**Requirement:**
Reproduce exactly, and only, the lines of the material below running from the line bearing "在工作人員的帶領下,伍會長首" through the line bearing "左:ディンケルスビュールの典型的な家たち。 右:ここの窓辺を飾る花は珍しく、パステルカラーで、大人の雰囲気。 |". Leave any pictures out.

+ + + +

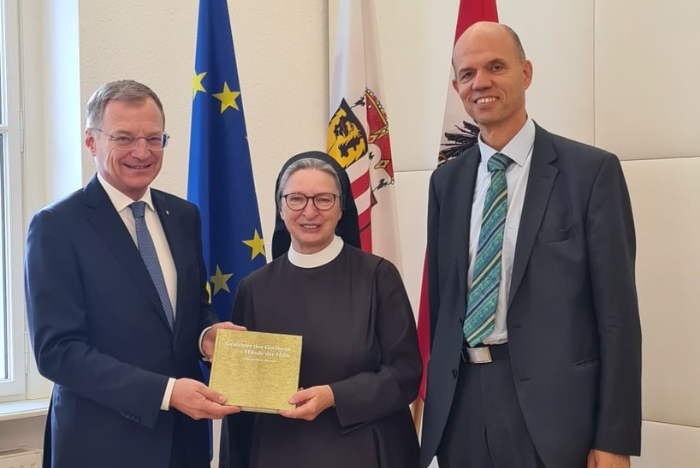Christian Lagger, Direktor der Elisabethinen Graz und Vorsitzender der ARGE Ordensspitäler Österreichs, und Sr. Barbara Lehner, Geschäftsführerin Elisabethinen Linz-Wien, trafen am Montag, 24. Oktober 2022 Landeshauptmann Thomas Stelzer.
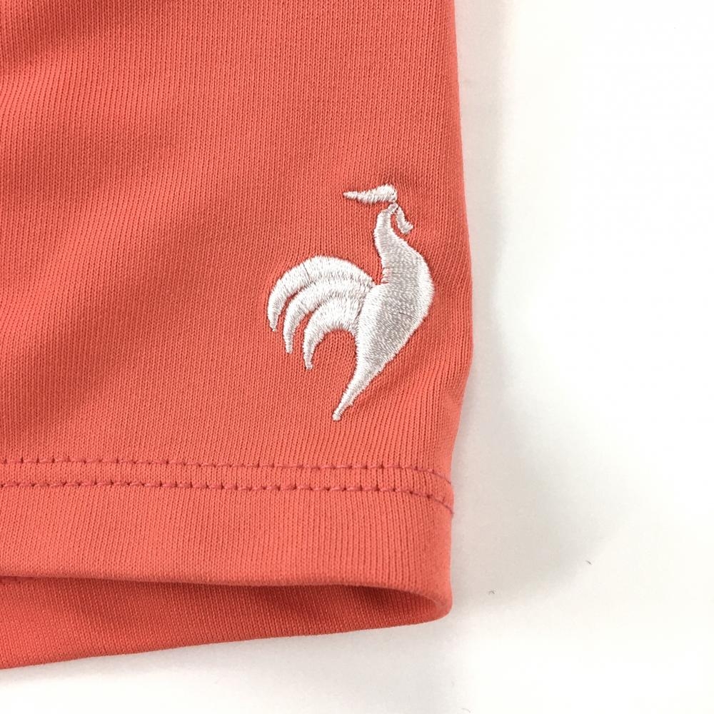 【超美品】ルコックゴルフ 半袖ハイネックシャツ サーモンピンク系×ブルー フロントロゴ レディース M ゴルフウェア le coq sportif
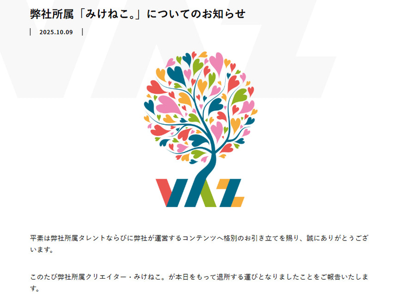 Vtuberのみけねこ。さん、心身の健康上の問題で事務所を退所
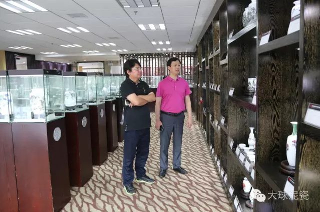 在工作人員的帶領下,伍會長首先來到了大球泥瓷精品展廳,公司董事長滕召華就大瓷泥的起源、形成、研發與創作向伍會長作了詳細的解讀,并明確表示大球泥瓷營銷目標將瞄準國際高端奢侈品市場。
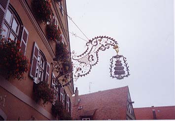 左:ディンケルスビュールの典型的な家たち。 右:ここの窓辺を飾る花は珍しく、パステルカラーで、大人の雰囲気。 |
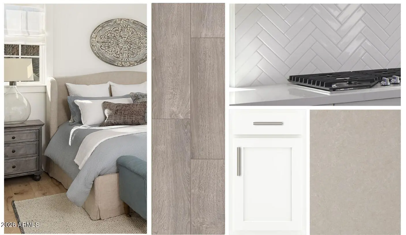 The Opal RV floorplan at Amarillo Creek in Maricopa offers 2,124 sq. ft. of beautifully designed single-story living with 4 bedrooms, 3 baths, a den, and an impressive 4-car tandem RV garage with service door, all showcased in a Modern elevation. The open-concept layout seamlessly connects the kitchen, dining, and great room, creating the perfect space for everyday living and entertaining, while the centrally located laundry room provides convenience to all bedrooms. The spacious primary suite features a linen closet and large walk-in closet for added storage. Styled with the Timeless AW Collection, this home includes white 42'' soft-close cabinets, satin nickel hardware, soft gray quartz countertops, a white herringbone tile backsplash, and 7x22 warm wood-look tile flooring throughout all
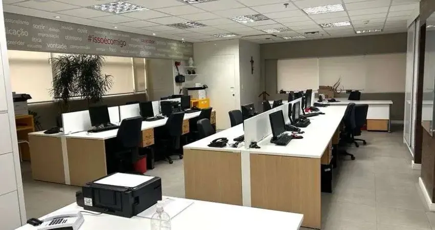 Recepção, amplo salão com baias, sala de reunião, 02 salas privativas com portas de correr de vidro, 04 banheiros e copa.

+ + + +

**Problem solution:**
 在工作人員的帶領下,伍會長首先來到了大球泥瓷精品展廳,公司董事長滕召華就大瓷泥的起源、形成、研發與創作向伍會長作了詳細的解讀,并明確表示大球泥瓷營銷目標將瞄準國際高端奢侈品市場。
 左:ディンケルスビュールの典型的な家たち。 右:ここの窓辺を飾る花は珍しく、パステルカラーで、大人の雰囲気。 |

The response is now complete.